Eseri beş cilt olarak tarihsel kaynaklarda kayıt altında! Vee; bu ünlü bilim insanı ‘Anavarza’da yaşamış!  Kentin tanınır olmasında katkıları büyük! Bugün bile çokça biliniyor!

‘Anavarza’da bulunan eserler arasında sağlık tanrısı ‘Asklepion’un altı kızından biri olan HYGIEIA’nın parçalı heykeli de envanterlerde!

Baş kısmı olmasa da, 1.70 m. ebadında olduğu düşünülüyor! İlginç…

Keza bulunanların arasında ‘Eros’ heykeli de var. Yaklaşık olarak I.S. 3. veya 4. Y.Y.’a tarihleniyor!

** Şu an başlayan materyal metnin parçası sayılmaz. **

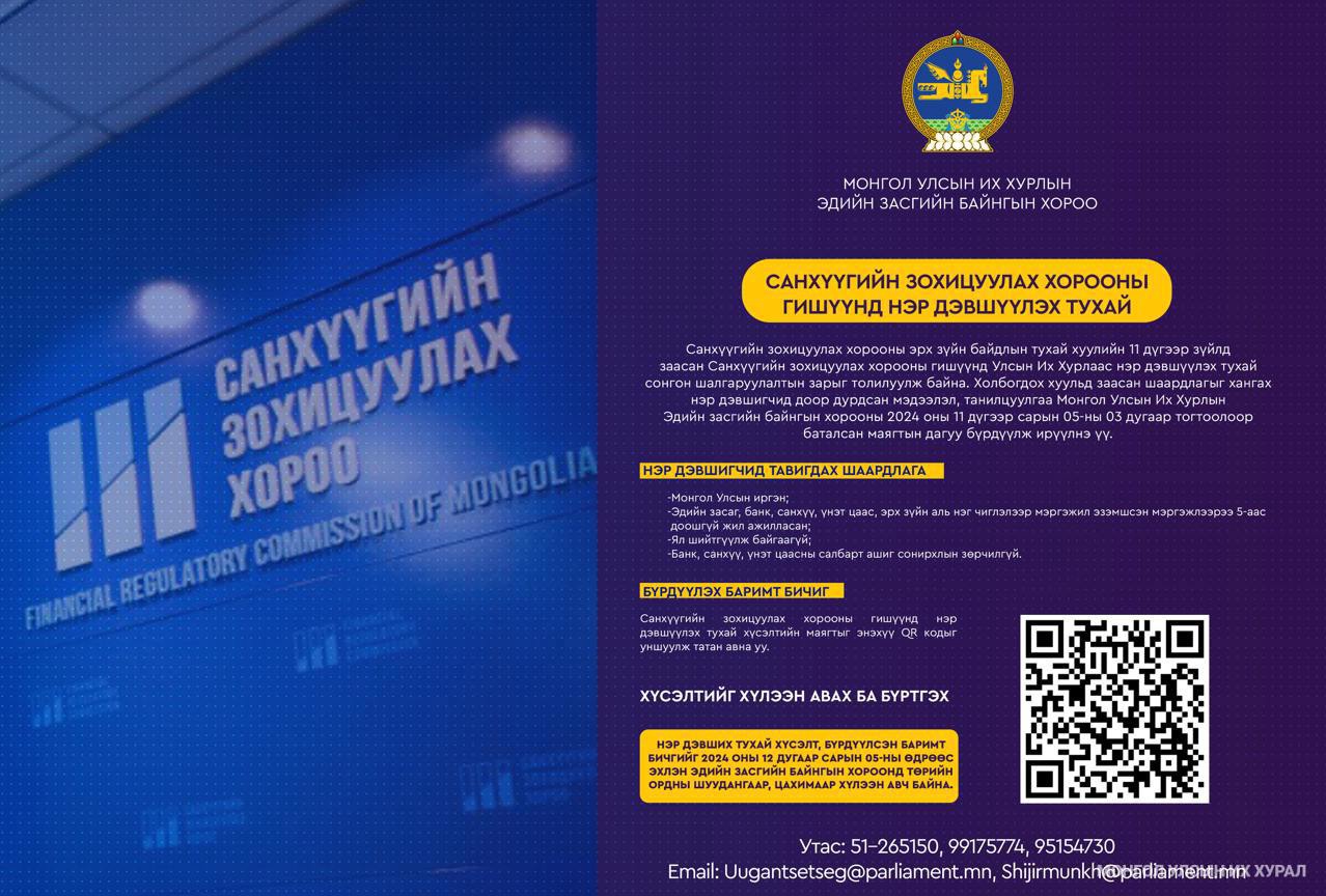 Санхүүгийн зохицуулах хорооны эрх зүйн байдлын тухай хуулийн 11 дүгээр зүйлд заасан Санхүүгийн зохицуулах хорооны гишүүнд Улсын Их Хурлаас нэр дэвшүүлэх тухай сонгон шалгаруулалтын зарыг толилуулж байна. Холбогдох хуульд заасан шаардлагыг хангах нэр дэвшигчид доор дурдсан мэдээлэл, танилцуулгаа Монгол Улсын Их Хурлын Эдийн засгийн байнгын хорооны 2024 оны 11 дүгээр сарын 05-ны 03 дугаар тогтоолоор баталсан маягтын дагуу бүрдүүлж ирүүлнэ үү.
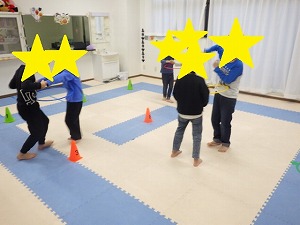今日は鬼役の人にじゃんけんで勝った人が、違うフープに移動する約束をしました!
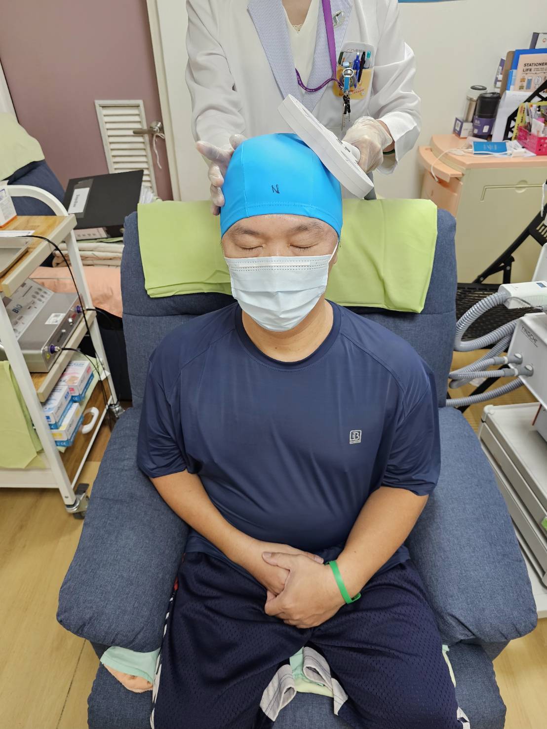 48歲的謝先生,今年6月底因急性缺血性腦中風造成右側偏癱及臉部麻痺,在高醫急診接受血栓溶解劑治療後住院,住院中生活自理方面幾乎都需要依靠他人協助。轉入復健部病房後,醫師安排rTMS治療,並結合多職類復健介入後,右側手腳功能逐步改善,巴氏量表(Barthel Index)由35分(重度依賴)逐漸提升至70分(中度依賴)。目前他已能獨立完成大部分日常活動,並分享自己的康復經驗。
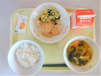 ごはん、チキン南蛮、もやしのナムル、かぼちゃと小松菜のみそ汁、牛乳
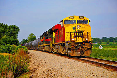 Iowa Interstate Railroad ES44AC puzzle, based on an original photo by Bradley Bates (photo copyright Bradley Bates -- used with permission). Photographed at Wiota, Iowa, July 2, 2019.
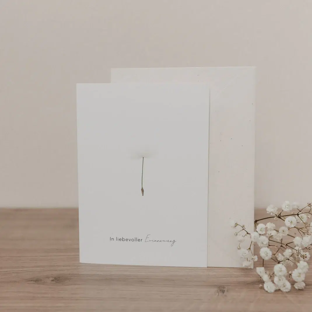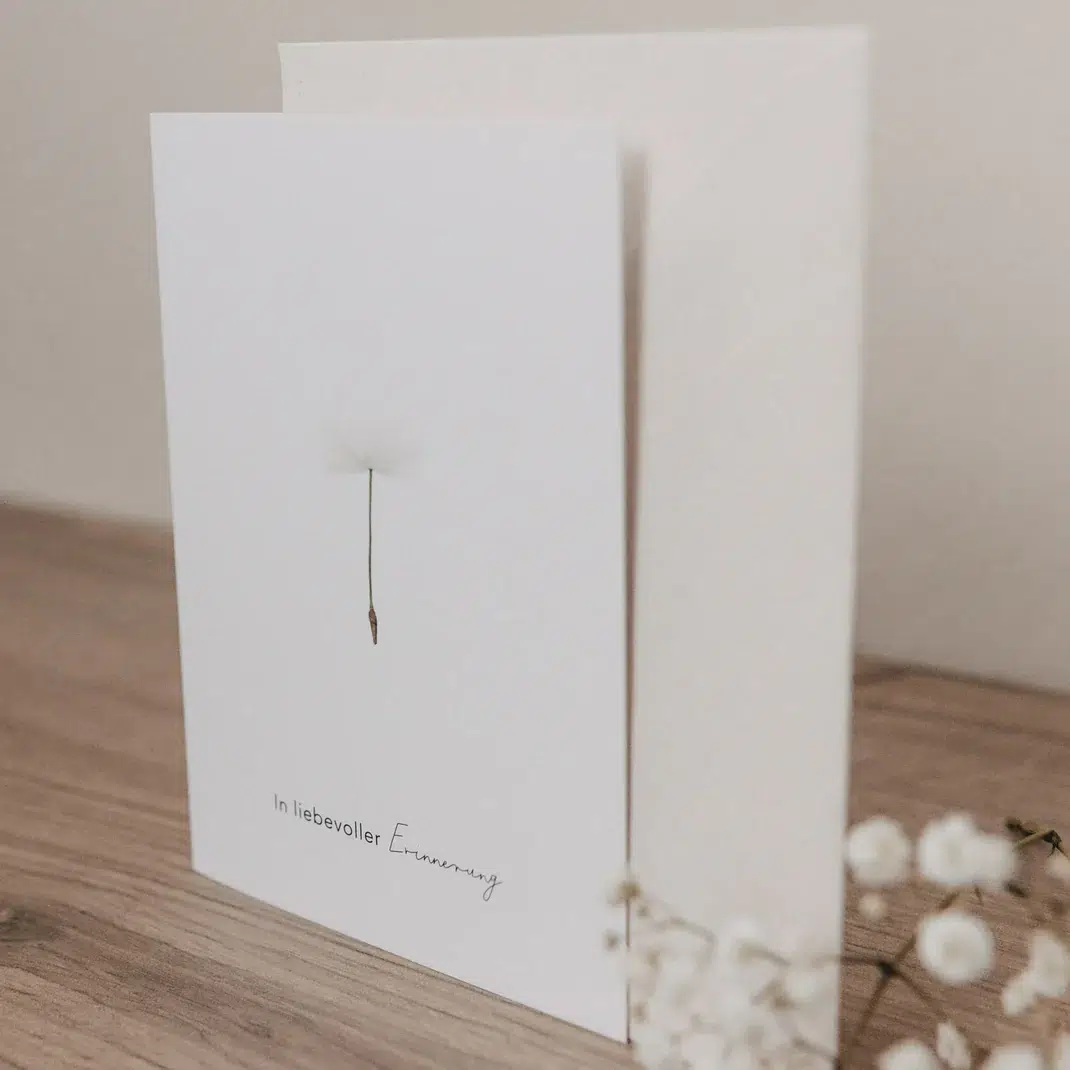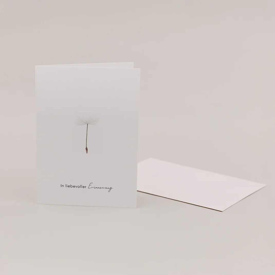 Das zurückhaltende Design eines filigranen Pusteblumensamens unterstreicht die liebevolle Botschaft. Die Klappkarte bietet im Inneren Raum für persönliche Worte des Mitgefühls. Ob als Beileidskarte oder zur Erinnerung an einen besonderen Menschen – diese Karte hilft, Gefühle auf einfühlsame Weise auszudrücken.
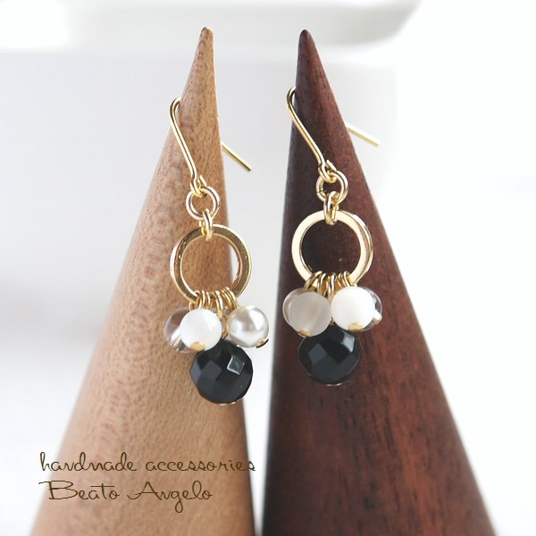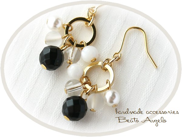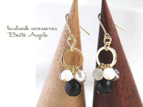 ◇◇+angelo+天然石ブラックオニキスとクリスタルのリングピアス(p-091)G マザーオブパール チタン 樹脂 イヤリング
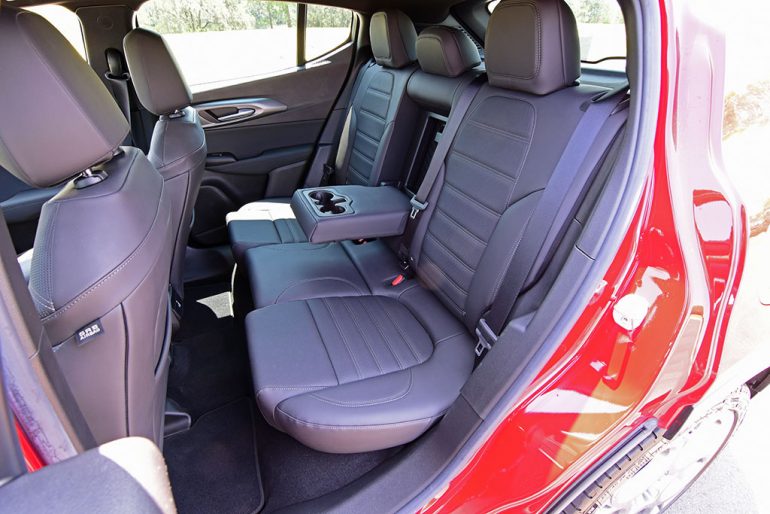 The seating areas are decently sized and accommodating for most, except for the heated and ventilated seats up front don’t feel very supportive from the bubbly bolstering. There’s a good range of adjustment up front, and the rear seating area has a good amount of space with good legroom, provided you’re not too much over 6 feet tall. The accented stitching and bright trim work attempt to accentuate a welcomed flare, but those elements tend to get a bit lost in the otherwise dark interior.

‘Anavarza’ tarihi için, ‘Roma İmparatorluğu’ sonrası ‘Bizans’ döneminde yaşamın sürdüğü, devamında ‘Arap’ ve ‘Ermeni’ hakimiyeti söz konusu…

Sonrasın da beylikler dönemi ve ‘Osmanlı İmparatorluğu’…

Kentin tarihsel geçmişi ile alakalı olarak I.O. 5.Y.Y.’ı işaret edenler var! Kimi farklı kaynaklarda ise yedi bin beş yüz yıllık bir geçmişten söz ediliyor?

‘Roma İmparatorluğu’ döneminde işgal sonrası yaklaşık olarak iki asır boyunca bu kentten gelen sağlıklı bir bilgi yok!

Bu dönemde ‘Kilikya’da başkent ‘Tarsus’;  orası her daim ön planda!

226’larda ‘Sasaniler’in egemenliğine not düşülmüş!

‘Roma’ya geçiş sonrasında 525’lerde kent büyük bir depremle yerle bir olmuş! ‘İmparator Justinianus’un önemli destekleri ile ‘Anavarza’ yeniden ayağa kaldırılmış!

İşte bundan dolayı da kent o dönemlerde ‘Justinianuspoli’ olarak da adlandırılmış!

800’lere doğru, ‘Abbasi Halifesi’ ‘Harun Al Rashid’, bu kenti adeta yeniden inşa ettirmiş!

Kent için en özel yapılardan biri de, günümüzde de izlenen, yirmi burçlu yaklaşık bir buçuk kilometre uzunluğundaki sur yapıları… Bu bölümü uzaktan fotoğraflamak ayrı güzel; peki yakınından… İşte o muhteşem!

I.O. 5 binlerde bu coğrafyada yaşam söz konusu! Peki kanıtı ne? Bulunan taş baltalar!

Antik kentte kazı faaliyetleri daha kapsamlı biçimde devam etse kim bilir tarihsel anlamda ne eserler bulunacak ve ‘Anavarza’nın geçmişine ilişkin çok daha fazla bilgiye ulaşılacak. Burası gerçekten büyük ve dağınık bir kent ve günümüz olanakları ile belki de bu bilgilere ulaşmamamız yıllar yıllar alacak!

Kent ile ilişkin THETYS mozaiği de önemli! Deniz tanrıçası, burası ile özleştirilmiş!

Kısaca ‘Anavarza’ ne yazık ki çok bilinmeyen ama pek çok tarihi barındıran bir özel antik kent! Tarih severler burayı mutlak ziyaret etmeli ve çok daha geniş kitlelere duyurulması adına çaba sarfetmeli… Tüm buluntulara ulaşılır ise; dönem sonunda ‘Efes’ antik kentinden beş kat daha büyük bir yerleşime tanık olacağımız söyleniyor!

Bu özel coğrafyanın ve tabi bu antik yerleşimin yurt içi yurt dışı kitlelere ulaştırılması; arkeolojik dünyamıza hem de turistik yapımıza katkı sağlayacağı aşikar!